“Top-K” Filtering¶
A common analytical pattern involves subsetting based on some method of ranking. For example, “the 5 most frequently occurring widgets in a dataset”. By choosing the right metric, you can obtain the most important or least important items from some dimension, for some definition of important.

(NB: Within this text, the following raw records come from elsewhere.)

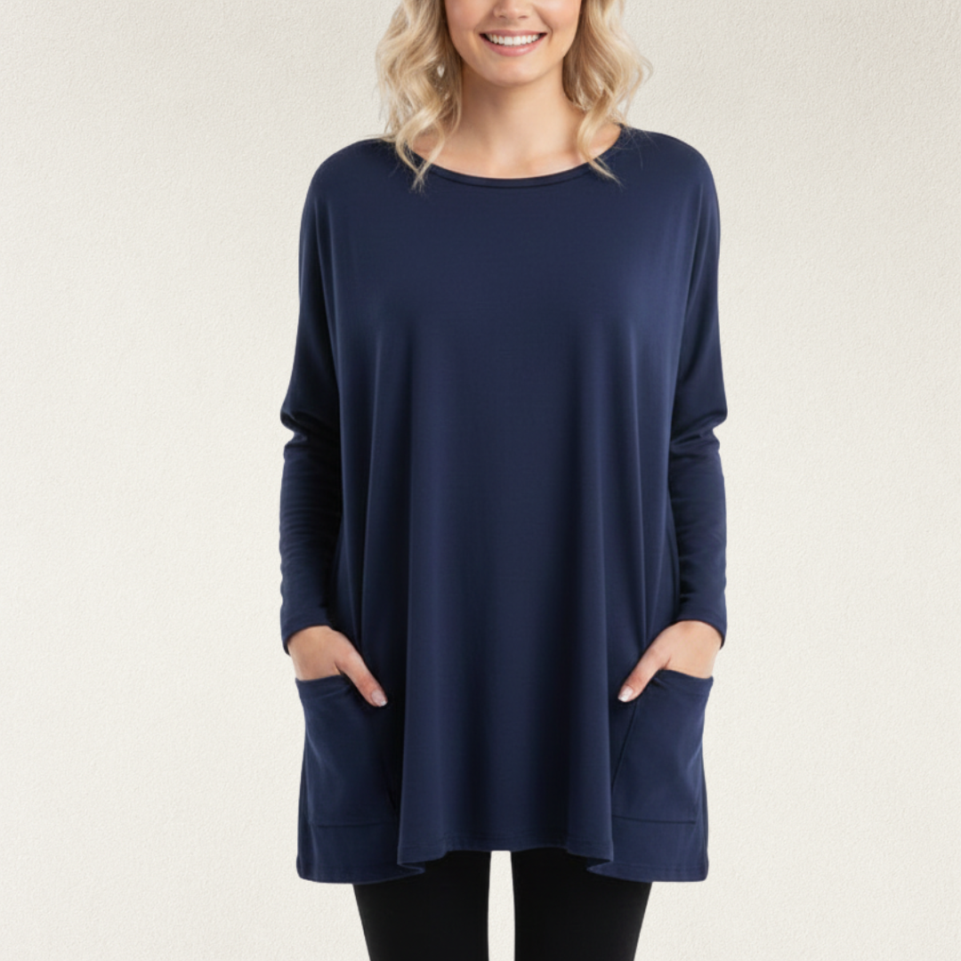 • Layer-friendly shape – works well with leggings, slim jeans or as an outer layer during cooler moments.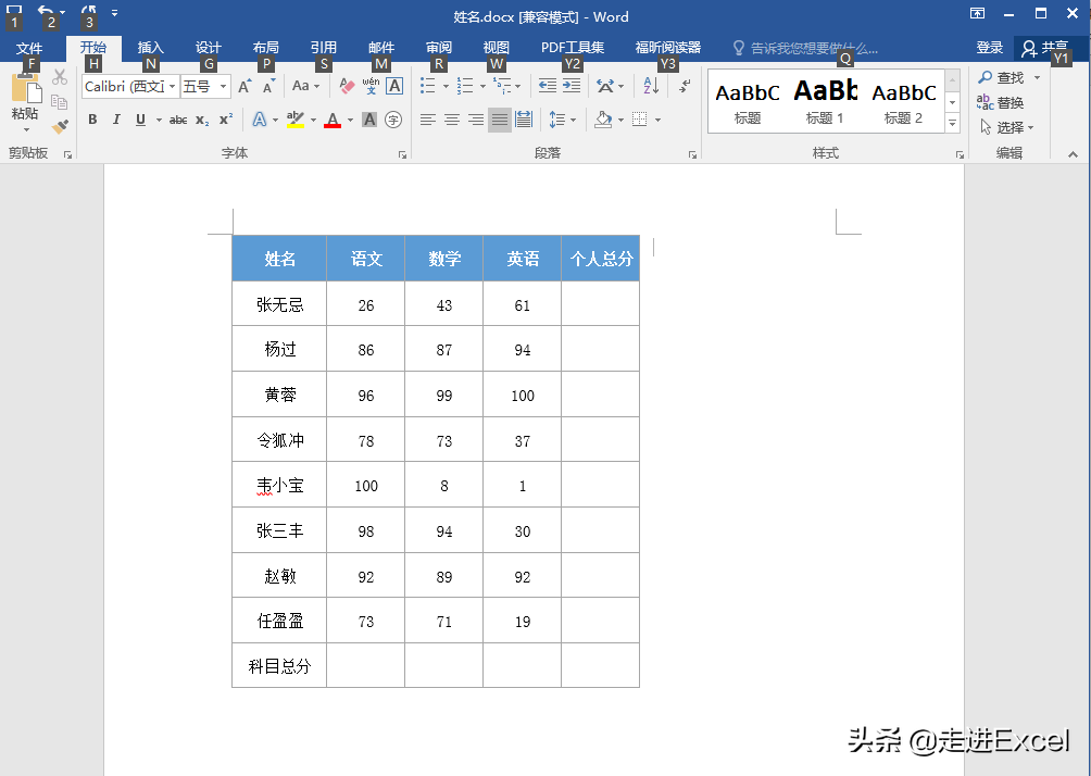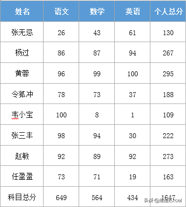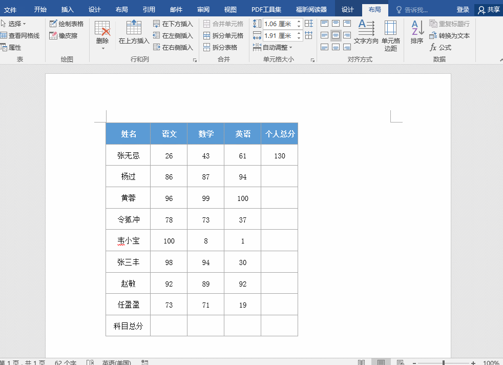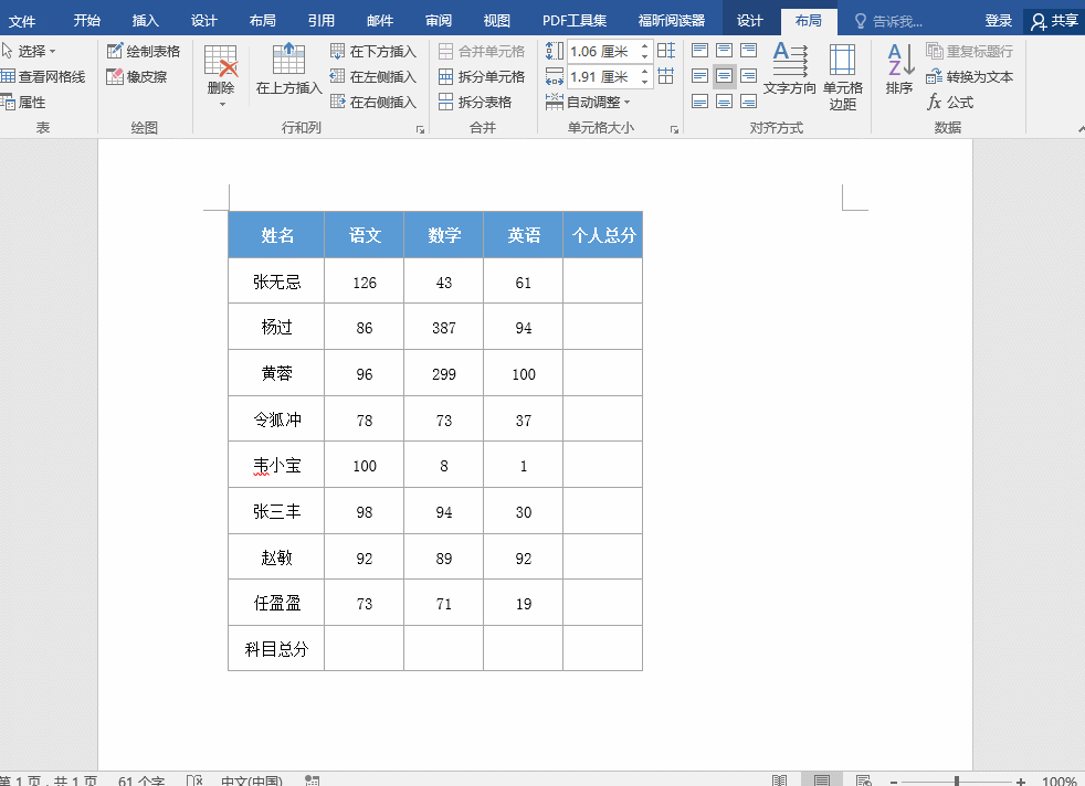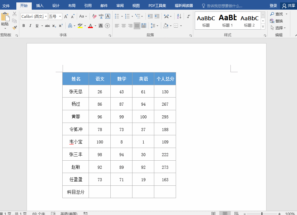 如上图,这是一张Word中的各科成绩表。按照正常思维,一般人肯定是直接复制到Excel中用sum函数求和,简单粗暴。可是如果对于后期要经常修改的数据,每一次修改都要复制到Excel中求和,在粘贴到Word,非常繁琐。如果直接在Word中求和,每一次修改数据后结果会自动更新,方便快捷。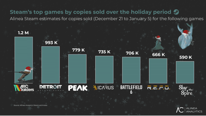 Největším zlatým prasátkem je tradičně Counter-Strike 2. Hned za ním následovala novinka ARC Raiders, které se během pouhých dvou týdnů (od 21. prosince do 4. ledna) prodalo zhruba 1,2 milionu kopií. Hra tak Steamu přinesla přibližně 32 milionů dolarů a celkově má na kontě asi 12 milionů prodaných kusů (z toho 7 milionů na Steamu).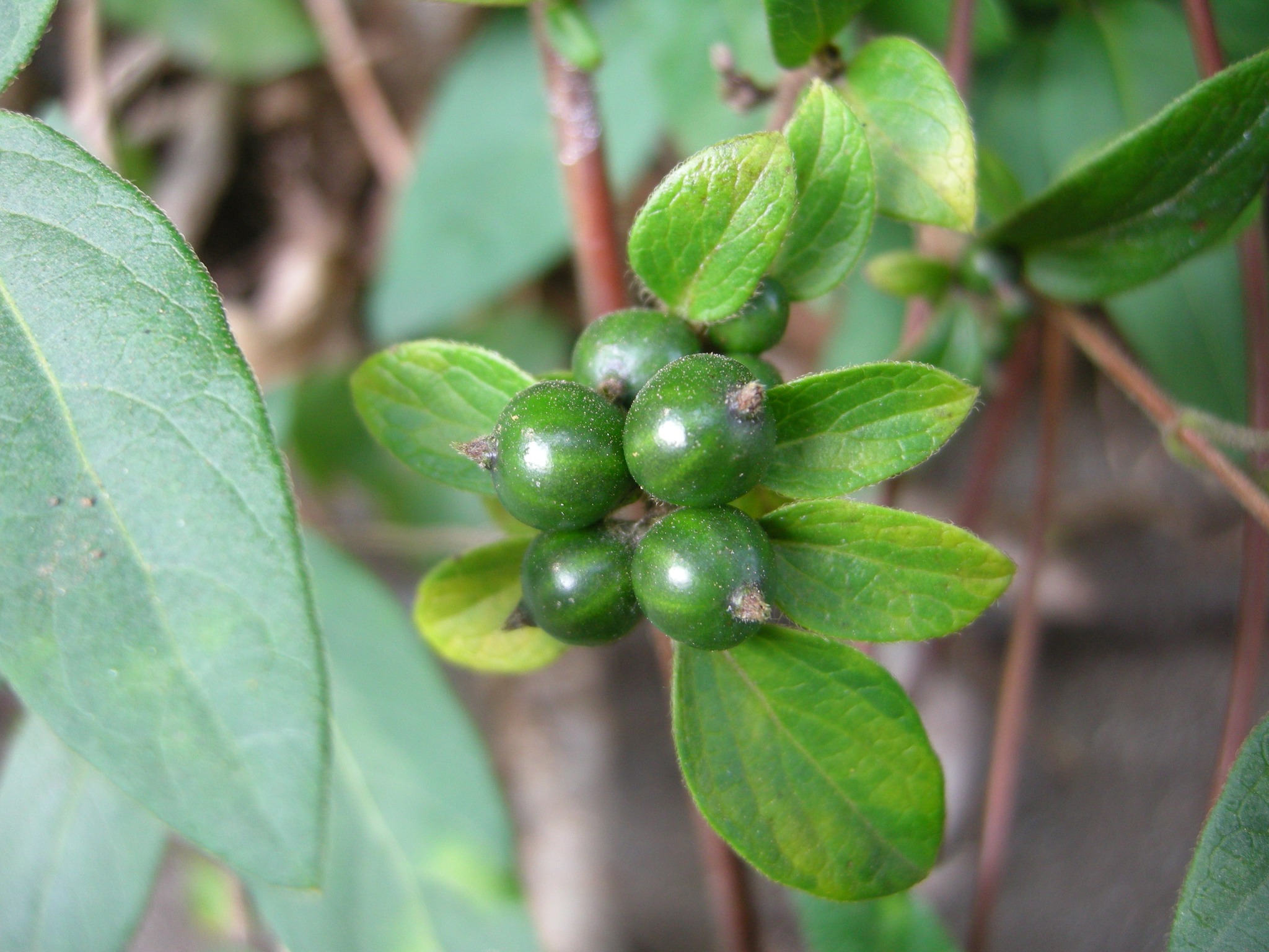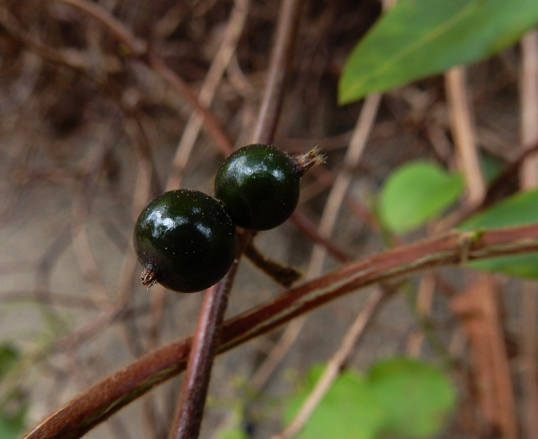 花は2個ずつがセットになって咲きます。花後結実する果実も2個がセットになっており、秋に黒く熟します。

To carry out the pattern by hand involves the following
Choose a ranking metric
Aggregate, computing the ranking metric, by the target dimension
Order by the ranking metric and take the highest K values
Use those values as a set filter (either with
semi_join
orisin
) in your next query
For example, let’s look at the TPC-H tables and find the 5 or 10 customers who placed the most orders over their lifetime:
>>> orders = con.table('tpch_orders')
>>> top_orders = (orders
... .group_by('o_custkey')
... .size()
... .sort_by(('count', False))
... .limit(5))
>>> top_orders
o_custkey count
0 3451 41
1 102022 41
2 102004 41
3 79300 40
4 117082 40
Now, we could use these customer keys as a filter in some other analysis:
>>> # Among the top 5 most frequent customers, what's the histogram of their order statuses?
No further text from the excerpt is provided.